> **What you should do**:
Exactly transcribe the span of lines from the one containing "Provisional ASE MVP" through the final line of the entries, inclusive, and nothing outside it. Exclude the pictures.
· · · · ·
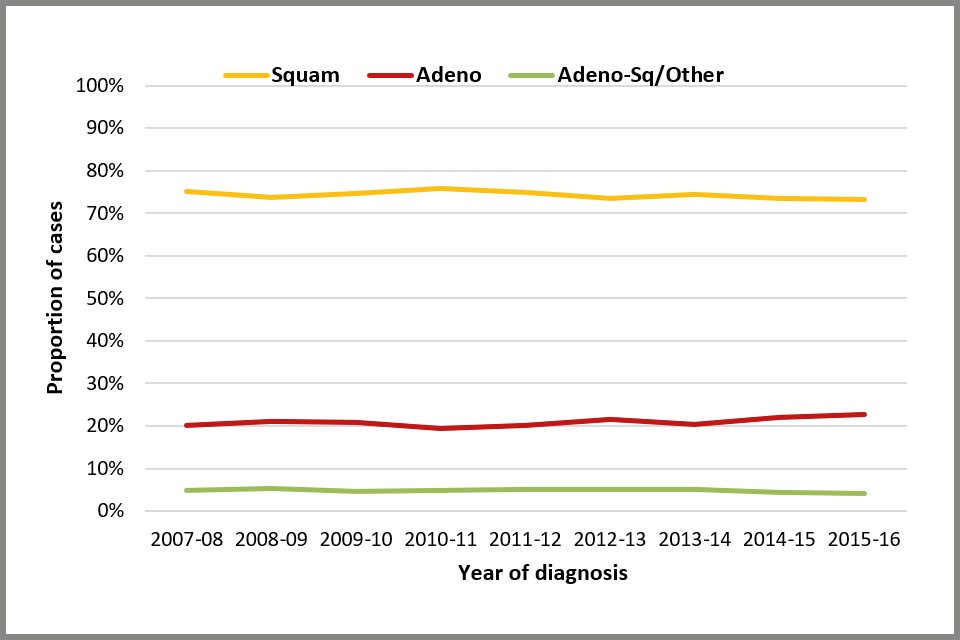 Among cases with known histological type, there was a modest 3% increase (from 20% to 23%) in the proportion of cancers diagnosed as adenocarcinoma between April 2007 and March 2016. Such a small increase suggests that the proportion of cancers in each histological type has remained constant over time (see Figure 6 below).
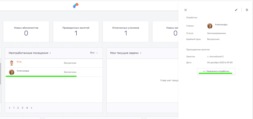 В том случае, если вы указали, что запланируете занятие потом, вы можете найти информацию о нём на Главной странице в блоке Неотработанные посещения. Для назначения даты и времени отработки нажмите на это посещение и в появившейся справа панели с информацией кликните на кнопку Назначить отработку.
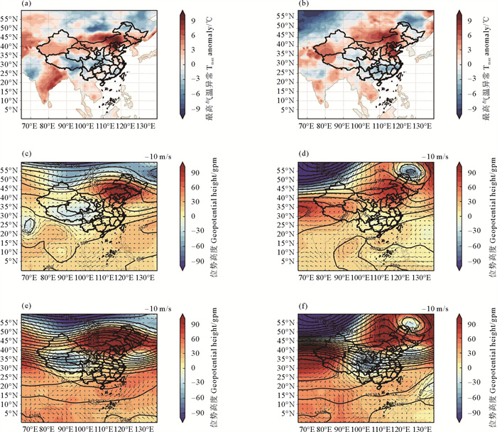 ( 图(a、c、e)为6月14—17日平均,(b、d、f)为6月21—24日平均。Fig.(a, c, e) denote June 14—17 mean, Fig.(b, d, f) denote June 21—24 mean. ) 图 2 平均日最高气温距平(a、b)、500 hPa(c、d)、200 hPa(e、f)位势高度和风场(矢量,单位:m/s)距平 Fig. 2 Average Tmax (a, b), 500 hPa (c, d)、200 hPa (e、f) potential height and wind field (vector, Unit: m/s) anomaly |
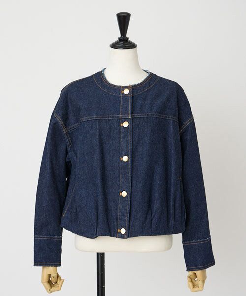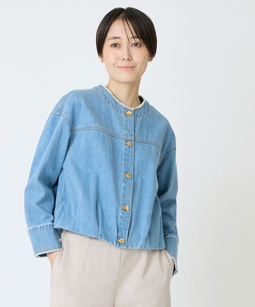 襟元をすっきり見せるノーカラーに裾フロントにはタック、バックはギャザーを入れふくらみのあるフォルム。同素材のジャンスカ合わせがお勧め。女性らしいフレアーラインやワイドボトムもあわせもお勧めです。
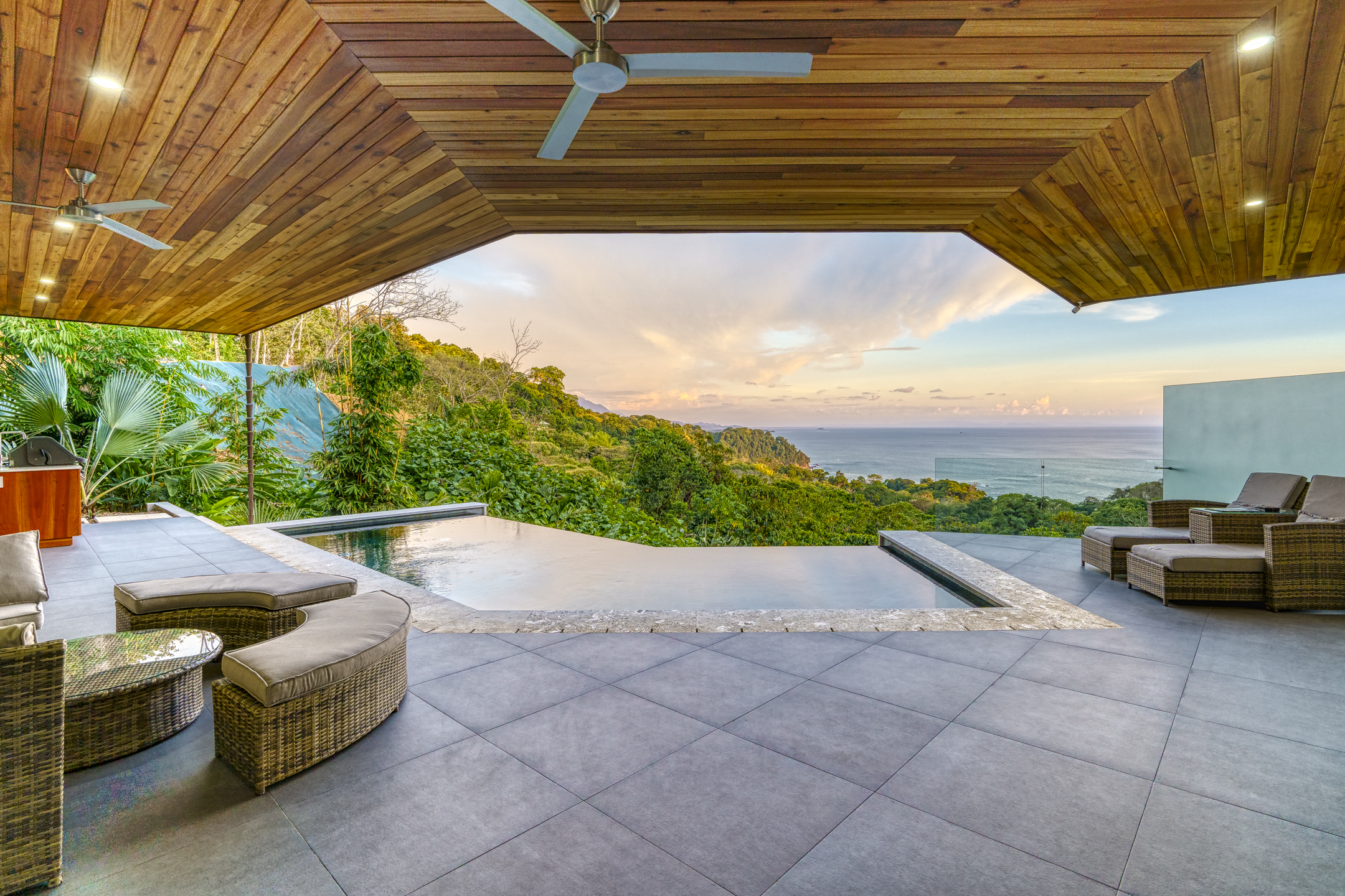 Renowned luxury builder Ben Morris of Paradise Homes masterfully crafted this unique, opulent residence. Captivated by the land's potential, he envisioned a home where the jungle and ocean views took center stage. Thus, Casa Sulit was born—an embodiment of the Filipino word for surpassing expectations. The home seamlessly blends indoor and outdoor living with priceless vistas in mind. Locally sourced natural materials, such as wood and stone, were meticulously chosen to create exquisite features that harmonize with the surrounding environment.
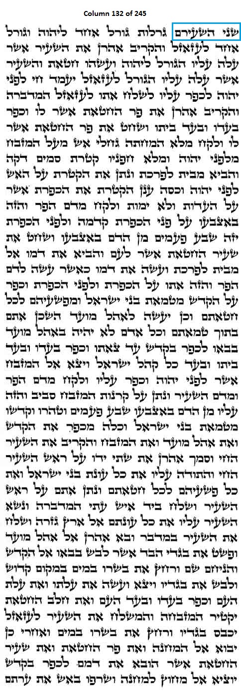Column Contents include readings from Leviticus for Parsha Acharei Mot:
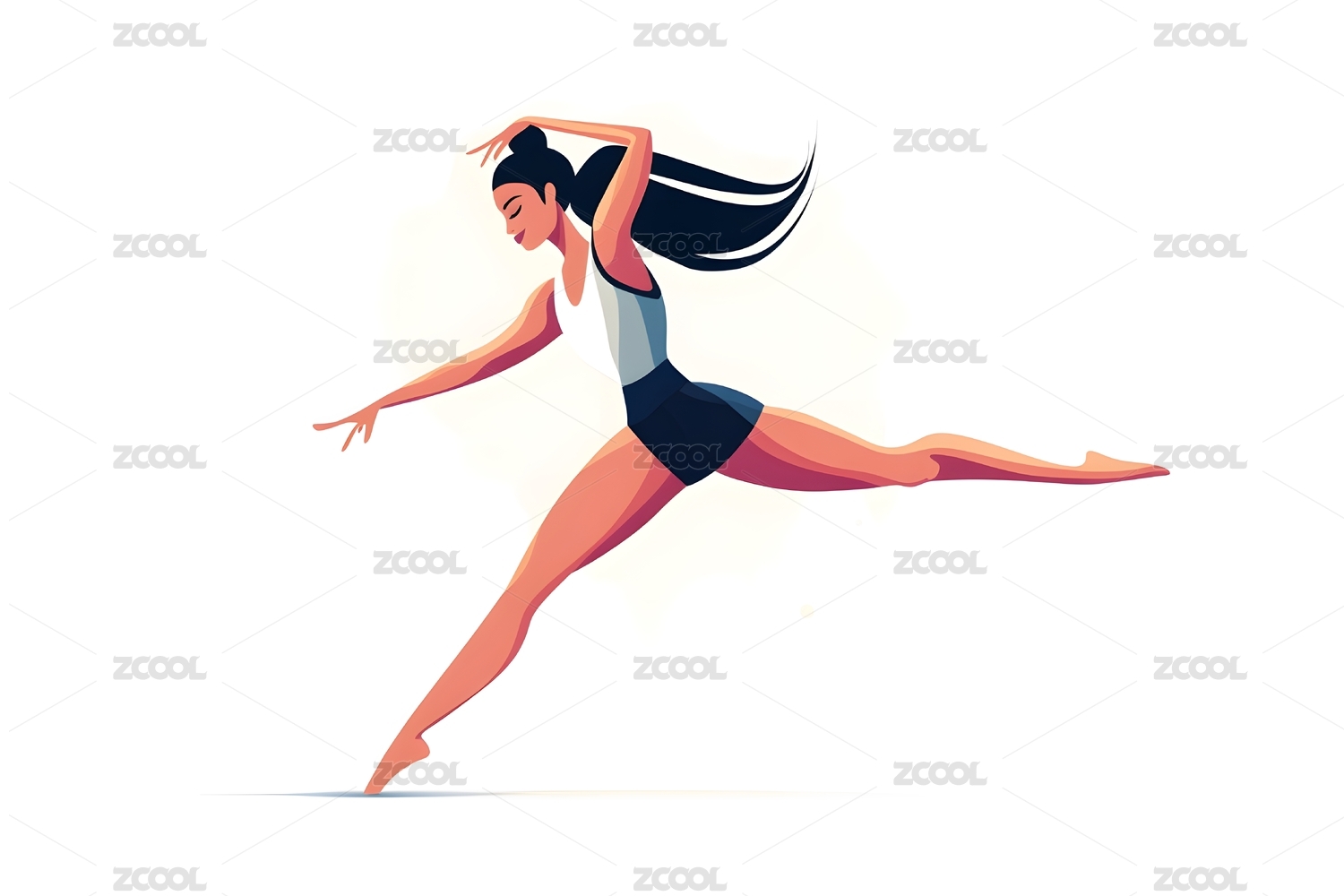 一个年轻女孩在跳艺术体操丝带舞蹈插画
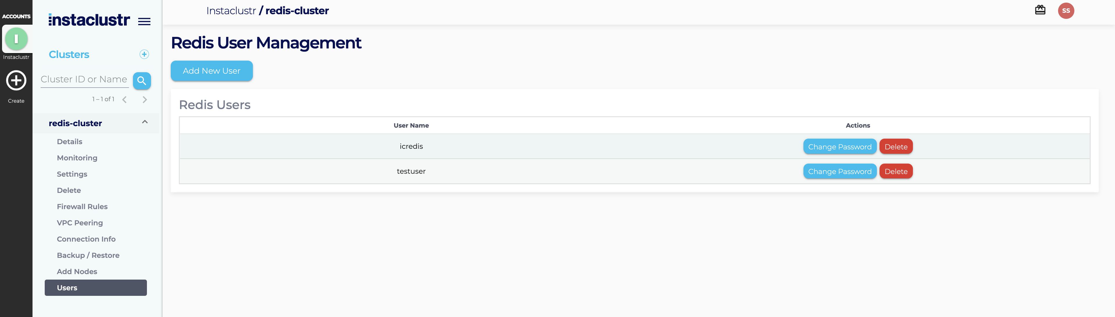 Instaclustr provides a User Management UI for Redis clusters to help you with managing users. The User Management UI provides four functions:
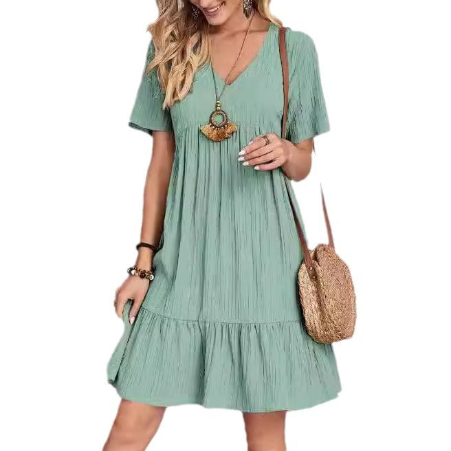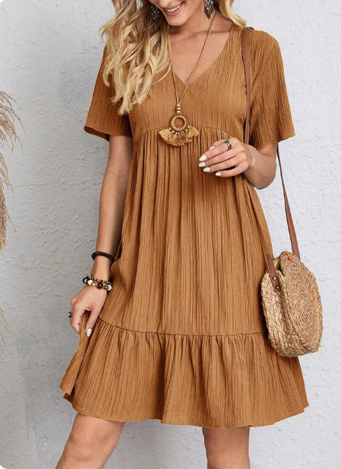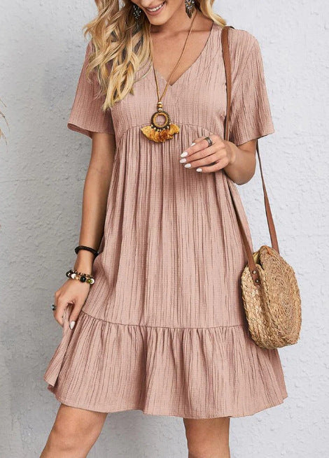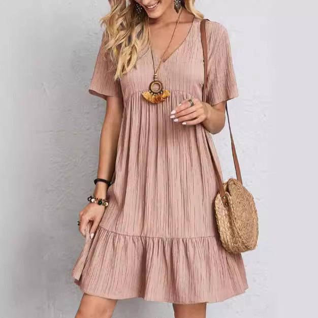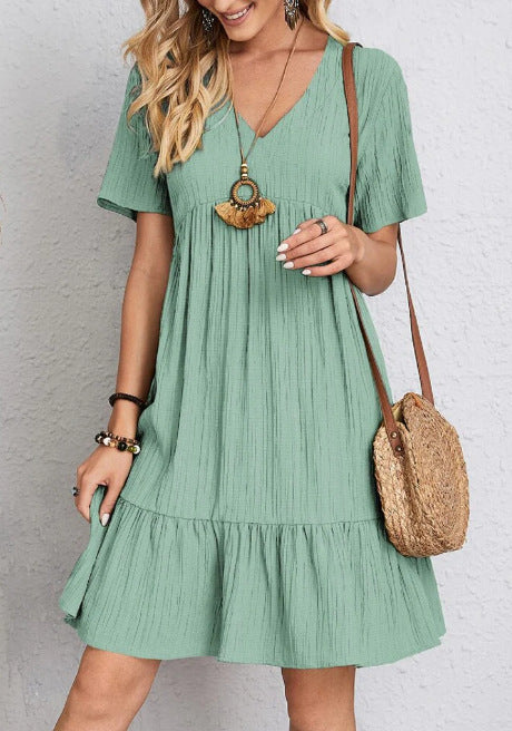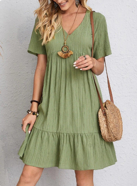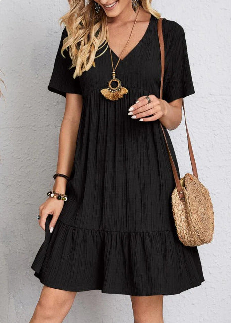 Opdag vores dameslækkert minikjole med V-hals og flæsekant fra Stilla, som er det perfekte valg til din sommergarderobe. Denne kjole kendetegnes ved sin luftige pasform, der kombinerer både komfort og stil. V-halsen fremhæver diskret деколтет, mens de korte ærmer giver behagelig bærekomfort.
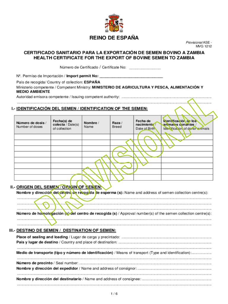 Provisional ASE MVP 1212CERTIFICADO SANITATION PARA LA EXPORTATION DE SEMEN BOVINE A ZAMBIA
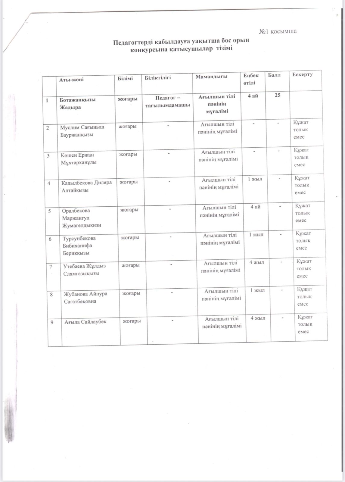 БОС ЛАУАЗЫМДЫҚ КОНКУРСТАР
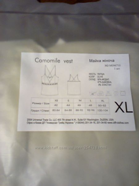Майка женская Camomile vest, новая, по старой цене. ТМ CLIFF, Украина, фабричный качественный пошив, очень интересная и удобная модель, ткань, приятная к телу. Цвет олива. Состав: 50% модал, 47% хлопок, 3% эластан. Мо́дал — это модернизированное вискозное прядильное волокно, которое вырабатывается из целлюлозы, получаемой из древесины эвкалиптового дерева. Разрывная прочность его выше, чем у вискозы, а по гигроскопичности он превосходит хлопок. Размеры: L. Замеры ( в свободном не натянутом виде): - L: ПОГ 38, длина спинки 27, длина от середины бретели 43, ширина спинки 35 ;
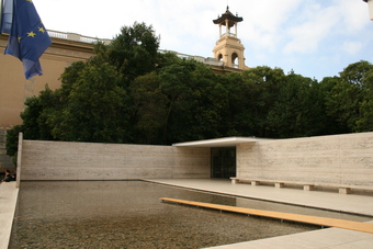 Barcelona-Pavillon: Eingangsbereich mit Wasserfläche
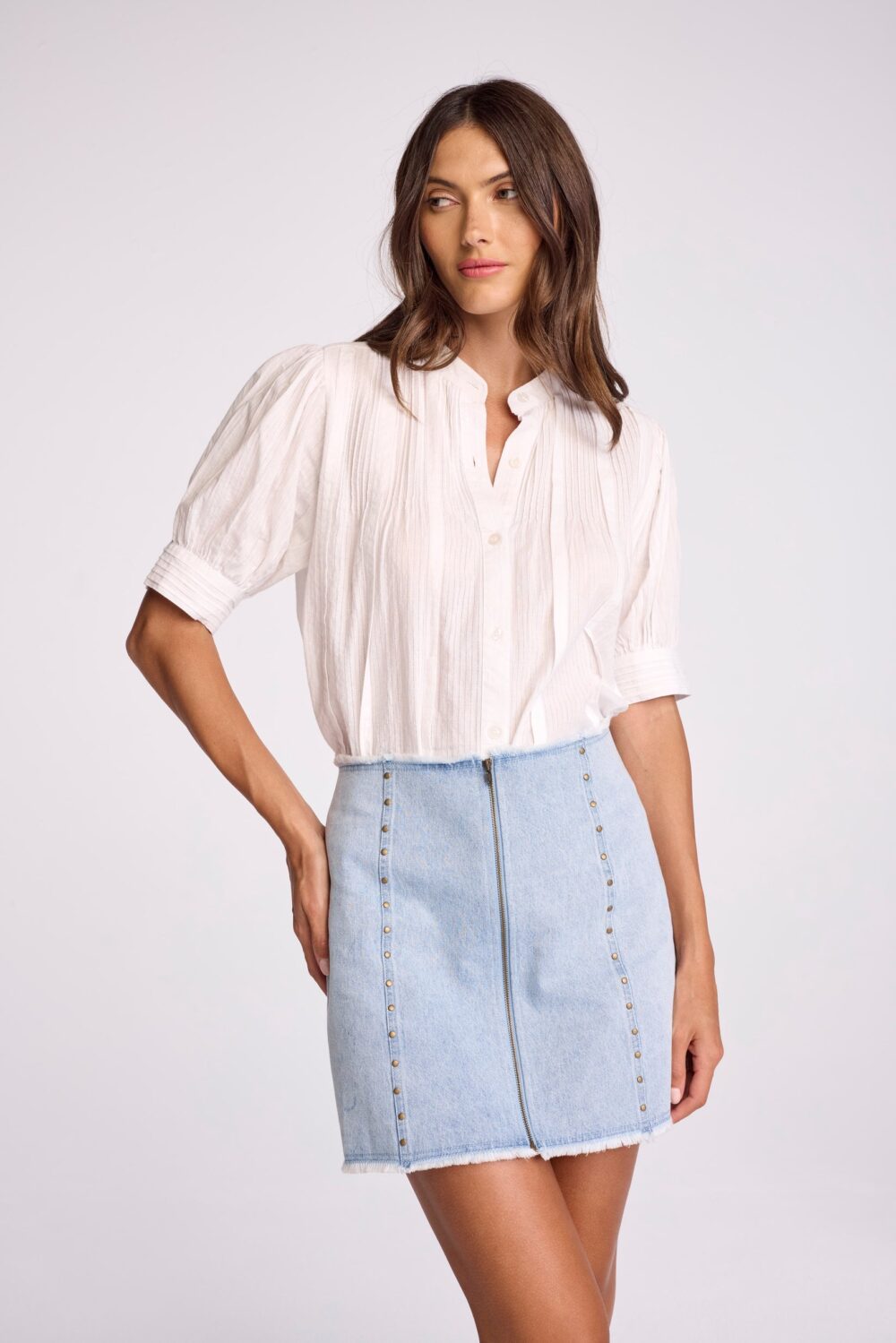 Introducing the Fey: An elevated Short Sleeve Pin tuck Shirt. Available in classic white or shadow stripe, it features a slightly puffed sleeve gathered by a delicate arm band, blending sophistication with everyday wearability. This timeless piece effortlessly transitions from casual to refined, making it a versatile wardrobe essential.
· · · · ·
> **The answer**:
 Provisional ASE MVP 1212CERTIFICADO SANITATION PARA LA EXPORTATION DE SEMEN BOVINE A ZAMBIA
 БОС ЛАУАЗЫМДЫҚ КОНКУРСТАР
Майка женская Camomile vest, новая, по старой цене. ТМ CLIFF, Украина, фабричный качественный пошив, очень интересная и удобная модель, ткань, приятная к телу. Цвет олива. Состав: 50% модал, 47% хлопок, 3% эластан. Мо́дал — это модернизированное вискозное прядильное волокно, которое вырабатывается из целлюлозы, получаемой из древесины эвкалиптового дерева. Разрывная прочность его выше, чем у вискозы, а по гигроскопичности он превосходит хлопок. Размеры: L. Замеры ( в свободном не натянутом виде): - L: ПОГ 38, длина спинки 27, длина от середины бретели 43, ширина спинки 35 ;
 Barcelona-Pavillon: Eingangsbereich mit Wasserfläche
 Introducing the Fey: An elevated Short Sleeve Pin tuck Shirt. Available in classic white or shadow stripe, it features a slightly puffed sleeve gathered by a delicate arm band, blending sophistication with everyday wearability. This timeless piece effortlessly transitions from casual to refined, making it a versatile wardrobe essential.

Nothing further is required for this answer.